Autant les autorités chinoises peuvent se féliciter de l’augmentation de ces échanges commerciaux – 295 milliards $ en 2024, compare à 282 milliards $ en 2023 – autant les dirigeants africains eux, ont de quoi se plaindre face à une balance commerciale largement déséquilibrée et déficitaire au profit de la Chine.
Les chiffres publiés la semaine passée par les douanes chinoises confirment cette réalités, 178 milliards $ d’export de la Chine vers le continent et 116 milliard d’imports – avec un accent particulier pour les matières premières –, soit un déficit commercial de près de 62 milliards de dollars pour l’Afrique.
Depuis quelques années déjà la Chine tente, avec plusieurs initiatives de réduire ce déficit. Des importations de fruits du Kenya, d’Afrique du Sud à la levée des droits de douanes des importations des pays à faibles revenus, ces mesures semblent ne suffisent pas à corriger ce qu’on pourrait considérer, à tort ou à raison, d’être une anomalie des relation commerciales entre la Chine et l’Afrique.
Une anomalie qui est autant le reflet l’asymétrie économique des deux partenaires que celui de la seule position que semble être capable d’occuper l’Afrique dans l’économie mondiale.
En 2024, le PIB du continent Africain s’élevait à 2.8 trillions $ alors que celui de la Chine c’est 18.8 trillions $. ; et c’est sans compter la position dominante de la Chine dans l’industrie manufacturière mondiale – 35% des parts mondiales – et où l’Afrique est absente.
La réalité est telle que le continent n’est structurellement pas équipé pour rééquilibrer ses relations commerciales avec la Chine qui a une plus grande capacité manufacturière. La preuve est qu’elle peine à tirer avantage de la levée des droits de douanes décrétée par Pékin.
À l’exception de quelques pays et quelques produits, la très grande partie des produits finis consommés sur le continent sont importés alors qu’elle, l’Afrique, ne se limite qu’en exporter les matières brutes.
C’est un peu à ce rôle de producteur de matière première brut que le système économique mondial a réduit le continent : Pourvoyeur des matières bruts et consommateur des produits finis moins chers, car du reste les plus coûteux et ceux de haute gamme sont destinés à des marchés plus riches et plus développés.
Le déficit commercial entre la Chine et l’Afrique va donc au-delà d’un simple narratif d’exploitation de la Chine vers l’Afrique, ou des mesures ponctuelles aux effets limités que Pékin pourrait prendre. Il s’agit de bien plus. Il s’agit d’agir directement en Afrique pour y développer une industrie manufacturière forte et compétitive. Il s’agit donc de travailler pour sortir de l’Afrique de son simple rôle de fournisseur mondial des matières premières.

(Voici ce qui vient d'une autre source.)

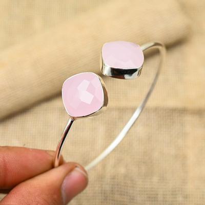Ravishing Pink Chalcedony Gemstone 925 Sterling Silver Handmade Lovely Jewelry Adjustable Bangle For Women

Certains évoqueront responsabilité de la Chine dans la difficulté de voir émerger une industrie locale africaine, pointant du doigt ses exportations moins chers qui font du mal à l’industrie locale Africaine. Aussi partiellement vrai puisse-t-il être et séduisant, il faudrait résister à la tentation d’en faire LA cause principale de la situation de l’Afrique. Il faudrait éviter un narratif simpliste qui fait fi des innombrables problèmes structurels internes au continent – absence ou incohérence des politiques économiques et industrielles – qui constituent de véritables obstacles aux industries locales. Que dire des systèmes de prédation économique mis en place par des élites politiques corrompues et affairistes ?!

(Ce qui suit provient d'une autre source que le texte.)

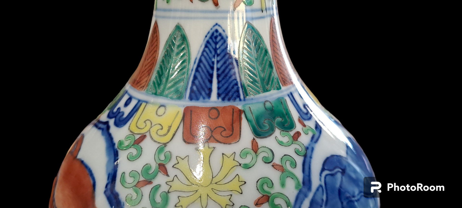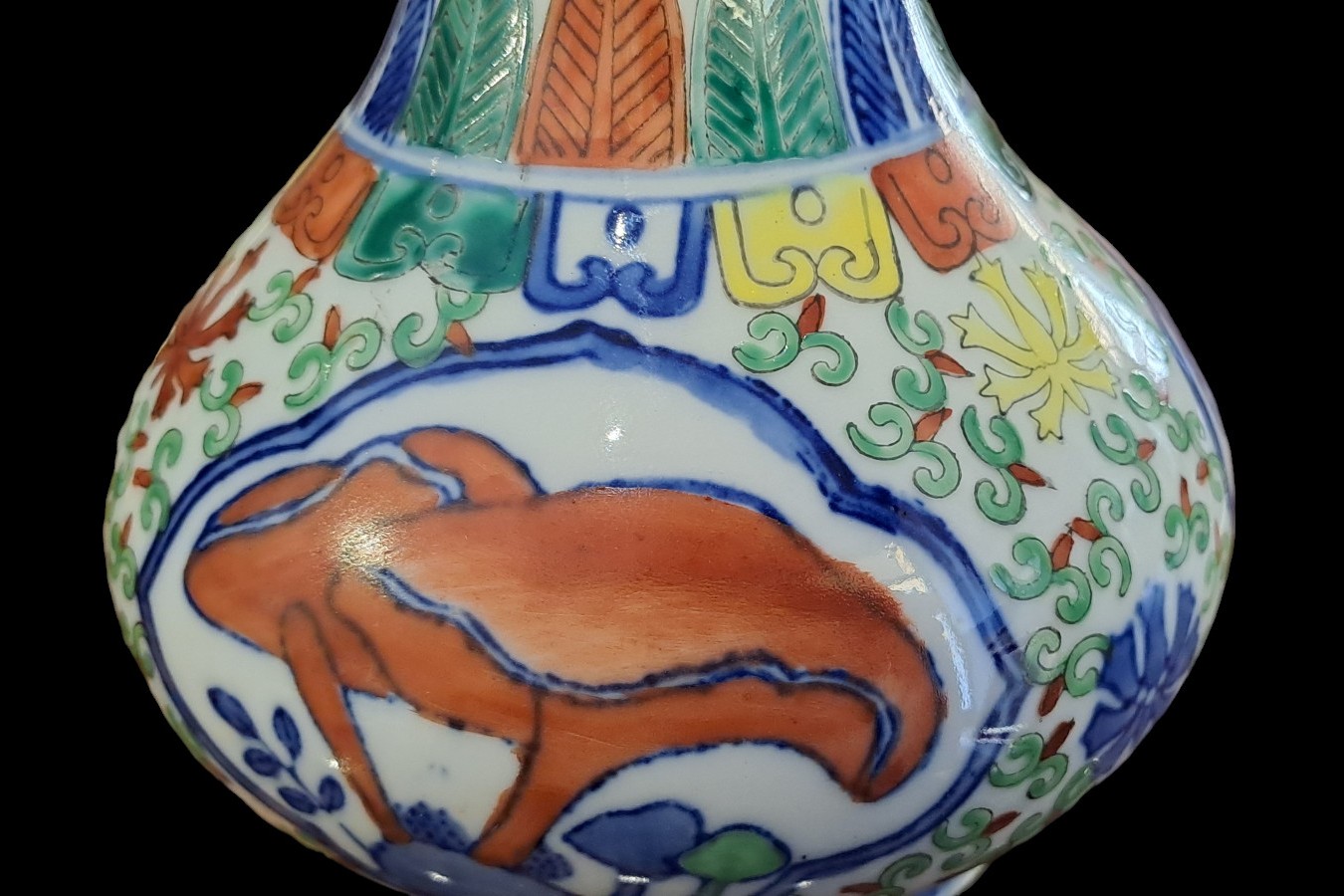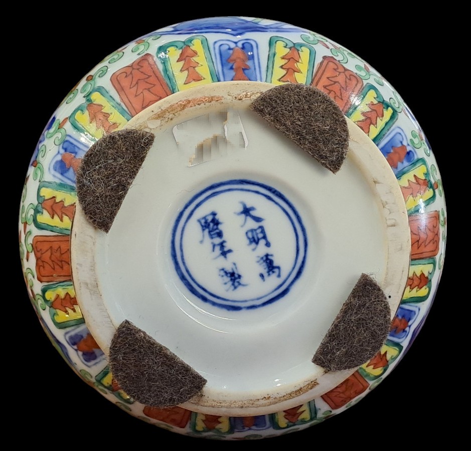 Vaso in porcellana dipinta con corpo a sezione circolare con alto collo stretto e bocca eversa.Sul fondo marchio apocrifi Wanli.

C’est dire donc qu’il faut aller bien au-delà de ce narratif pour comprendre la situation du continent.
Mais est-ce à dire que la Chine n’y peut rien ? Que Nini !!! Avec des centaines de milliards de dollars prêtés sur le continent et un flux d’investissement directs en croissance, la Chine a le potentiel et les atouts qu’il faut pour accompagner le développement d’une industrie locale sur le continent.

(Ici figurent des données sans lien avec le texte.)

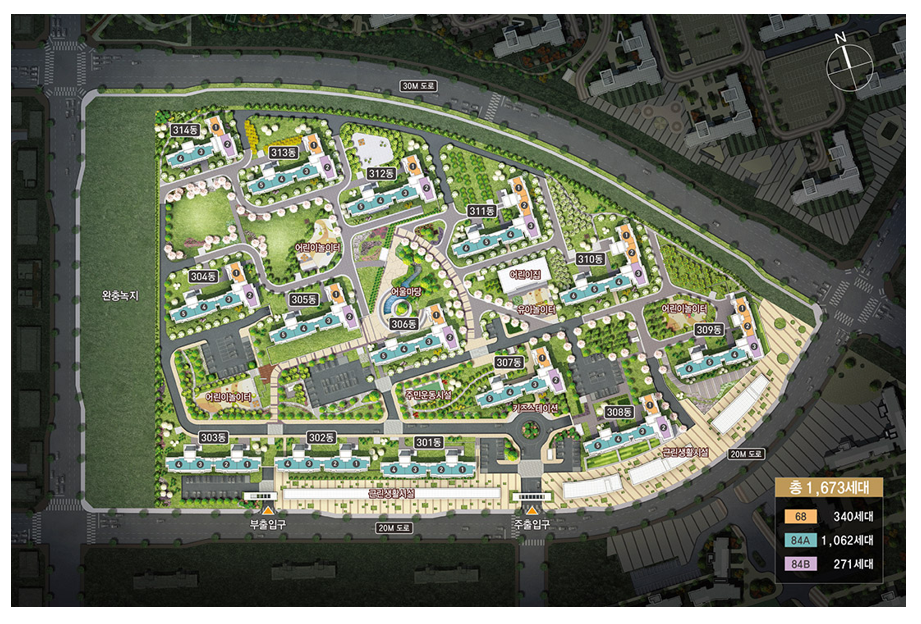 세대수 총 1673세대의 대단지이며 주차는 총 2241대를 수용합니다. 6884 총 1673세대. 오송파라곤 분양팀 추천으로.

On le voit en Éthiopie ou au Sénégal où des investissements dans le secteur vestimentaire a permis à ces pays de produire des habits qui sont exportés à travers le monde.
Si la Chine veut réellement aider l’Afrique, elle devra aller au-delà des mesures qu’elle a prises jusque-là. Elle devra s’engager à investir avantage dans le mid et downstream de la chaine de valeur des matières premières – mines, agricultures – sur le continent. A défaut de le faire volontairement, elle y sera contrainte comme on le voit déjà avec les minerais critiques de la transition énergétique.
Mais en définitive, la responsabilité reviendra d’abord aux pays africains de créer les conditions favorables à ces investissements, non seulement pour les Chinois mais aussi pour le reste de ses partenaires économiques et commerciaux. La détermination affichée pour obtenir une chaine de valeur avancée pour les minerais critiques devra être la même pour les autres secteurs de l’économie.